In this post I will continue my discussion of overlays in the MapQuest JavaScript API 5.2. My last two posts covered a couple of methods for adding rollover functionality to overlays. Over the next couple of posts I will discuss some of the options that are available when working with image overlays.

There are a few things that set image overlays apart from the other overlay types. The one that poses the biggest obstacle is image resolution. Since an image overlay is "pinned" to a map with Lat and Lng coordinates, there is a significant difference in resolution required to display an image properly at different zoom levels. If this becomes an issue for your application, one of the options that is available is the setImageOverlayLevels method provided by the API.

The setImageOverlayLevels() method takes an array of MQImageOverlayLevel objects as an argument. You create an MQImageOverlayLevel object by passing a string representing the URL of the image and an integer between 1 and 16 representing the zoom level the image should be tied to. Although you can specify 16 different images, you don't need to, as the nearest image to the current zoom level will always be displayed. I have included a function here that I created as an example. The function can be used in your code to implement the use of MQImageOverlayLevel's in your application.

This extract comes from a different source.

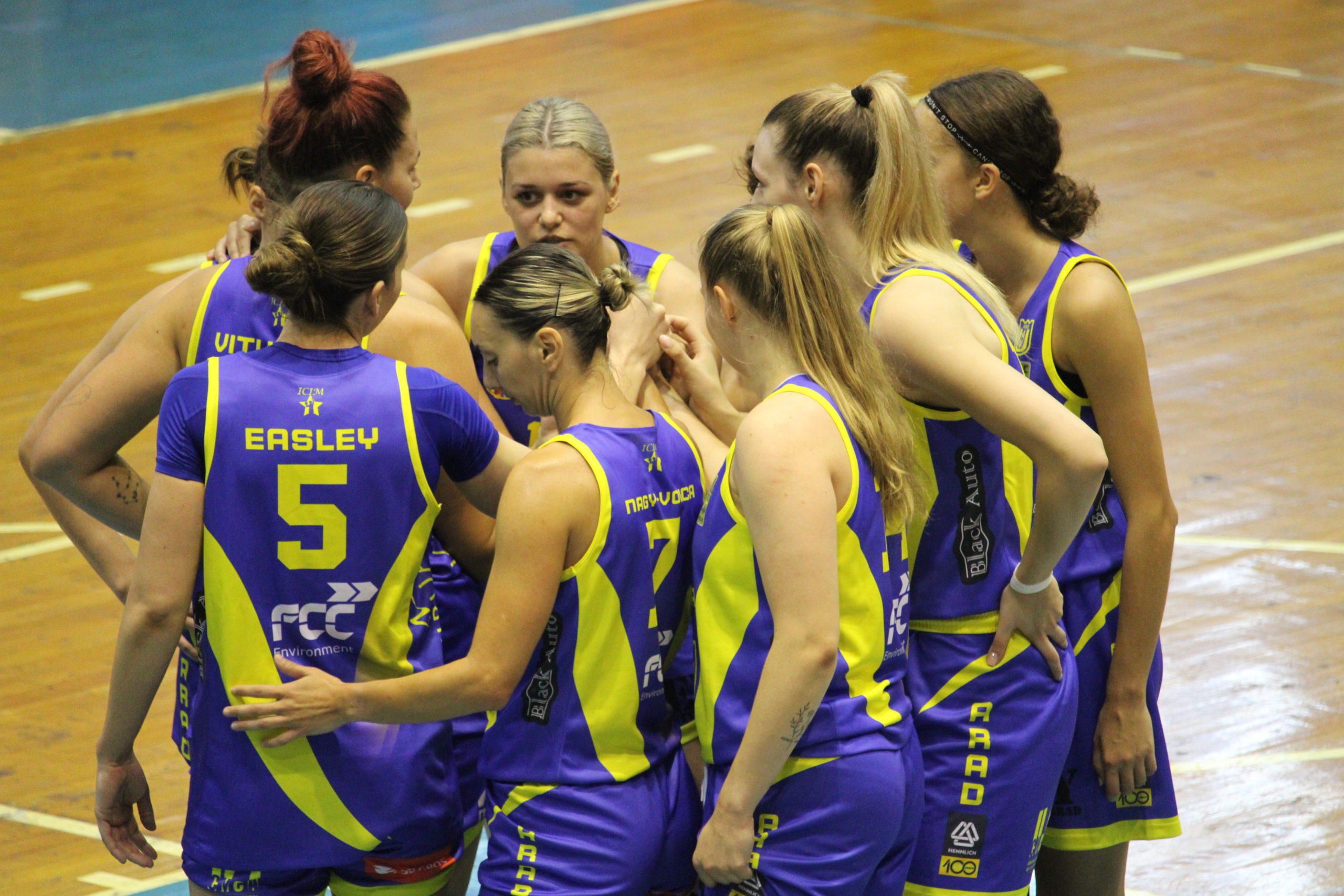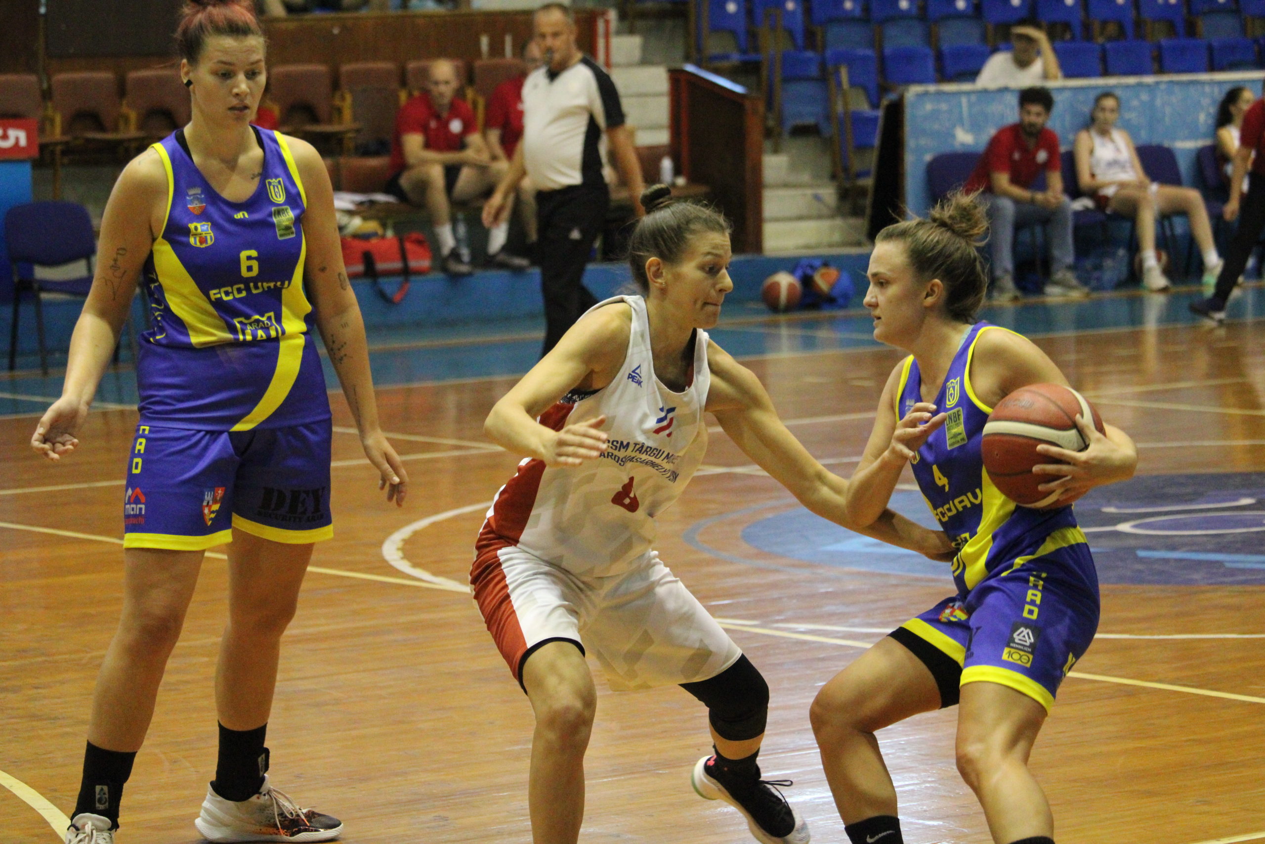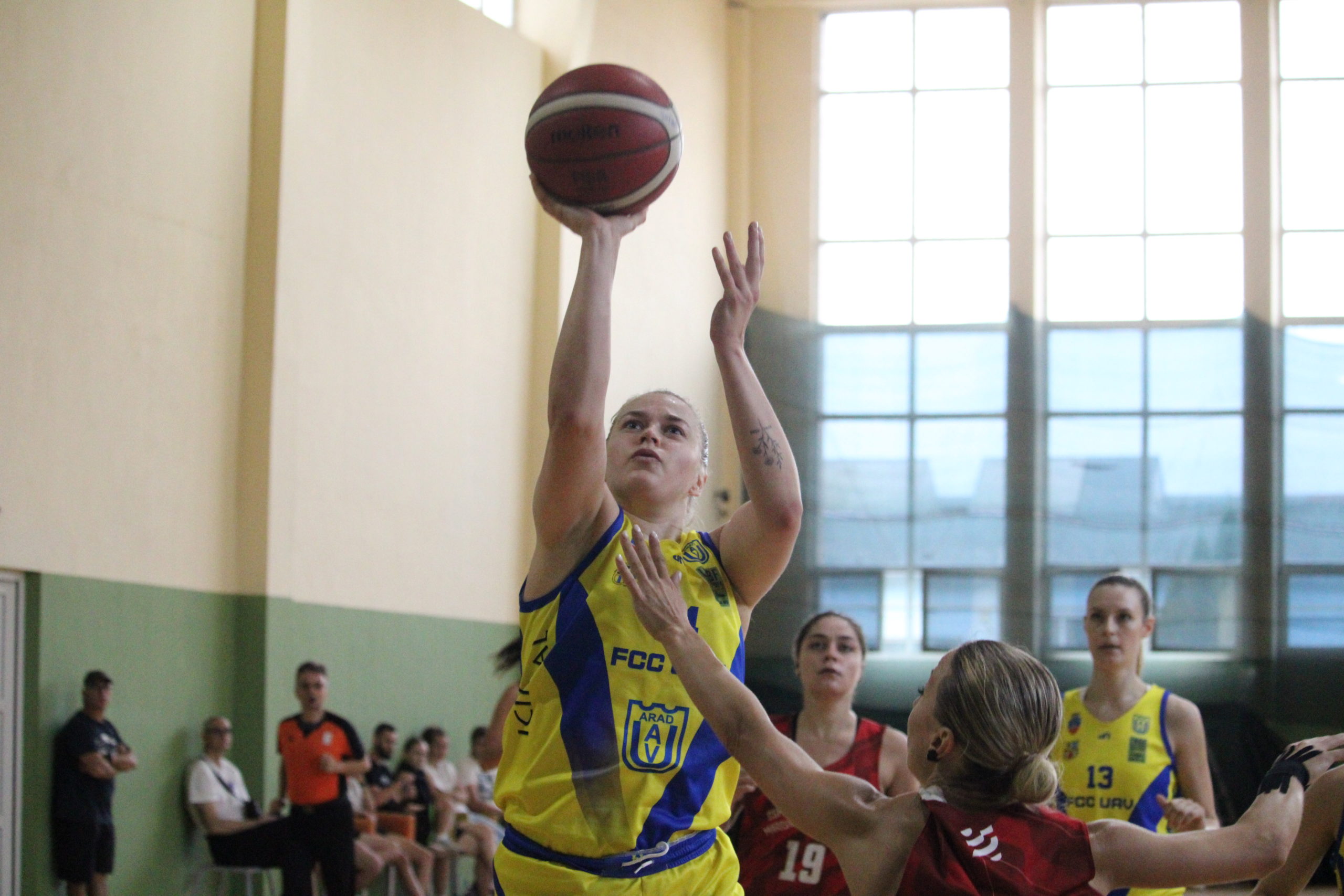 Arădencele au început tare primul amical, jucat într-o sală mică, și s-au desprins încă din primele momente. S-au impus cu 86-35, pe sferturi: 22-8, 21-8, 22-12, 21-7. A fost un joc bun pentru exersarea schemelor, iar apărarea arădeană a funcționat bine. Marcatoarele FCC UAV: Easley 16 puncte, Biszak 14, Vitulova 14, Voica-Nagy 10, Ciotir 10, Ghiță 10, Cucu 7, Mititelu 3 şi Fleșer 2.

Listing 1: The addImageUrls() function

  function addImageUrls(MAX_ZOOM, MIN_ZOOM, imageOverlay){   // Lowest resolution to highest.
    var SPAN = MAX_ZOOM-MIN_ZOOM+1;
    if(arguments.length > (SPAN+3)){
      arguments.length = SPAN+3;  // Ensure a maximum of 1 image per zoom level.
    }
    var incrementor = MIN_ZOOM;
    var incrementSize = Math.round(SPAN / (arguments.length - 3));
    var levels = new Array();
    var addImageLevel = function(url,lvl){
      var newLevel = new MQImageOverlayLevel(url,lvl);
      newLevel ? levels.push(newLevel) : alert('Error: Level ' +
        lvl + ' image initialization has failed.'); // No real error checking implemented here.
    };
    // In a production environment, something more
    // thorough would become necessary.
    for(var i=3;i<arguments.length;i++){
      if(incrementor > MAX_ZOOM){
        incrementor = MAX_ZOOM;
      }
      addImageLevel(arguments[i], incrementor);
      incrementor = incrementor+incrementSize;
    }
    imageOverlay.setImageOverlayLevels(levels);
    imageOverlay.setMaxZoomLevel(MAX_ZOOM);
    imageOverlay.setMinZoomLevel(MIN_ZOOM);
  }

The function is called with the following arguments:

Listing 2: Calling the addImageUrls() function

	addImageUrls(MAX_ZOOM, MIN_ZOOM, imageOverlay,
	/* and up to 16 string URLís */)

The values for max and min zoom are used to determine which zoom level to place each image at, as well as to determine when the image won't be displayed at all (because of the incredible difference between zoom level 16 and zoom level 1, there is a good chance that the image overlay will only be applicable for a certain range of values). Next you pass your MQImageOverlay object, followed by a series of strings containing the URL's of the images. You can pass in anywhere from 2 to 16 values, ordered from lowest resolution to highest.

To close, I've included two screenshots that show MQImageOverlayLevels in a sample application. Other than setting up the map and collecting the shape points, all of the code is contained within the sample function in Listing 1. For simplicity sake, I created two square images of separate colors. When the map is zoomed in beyond the half-way point, the brown image is displayed. When it is zoomed out, a blue image is displayed.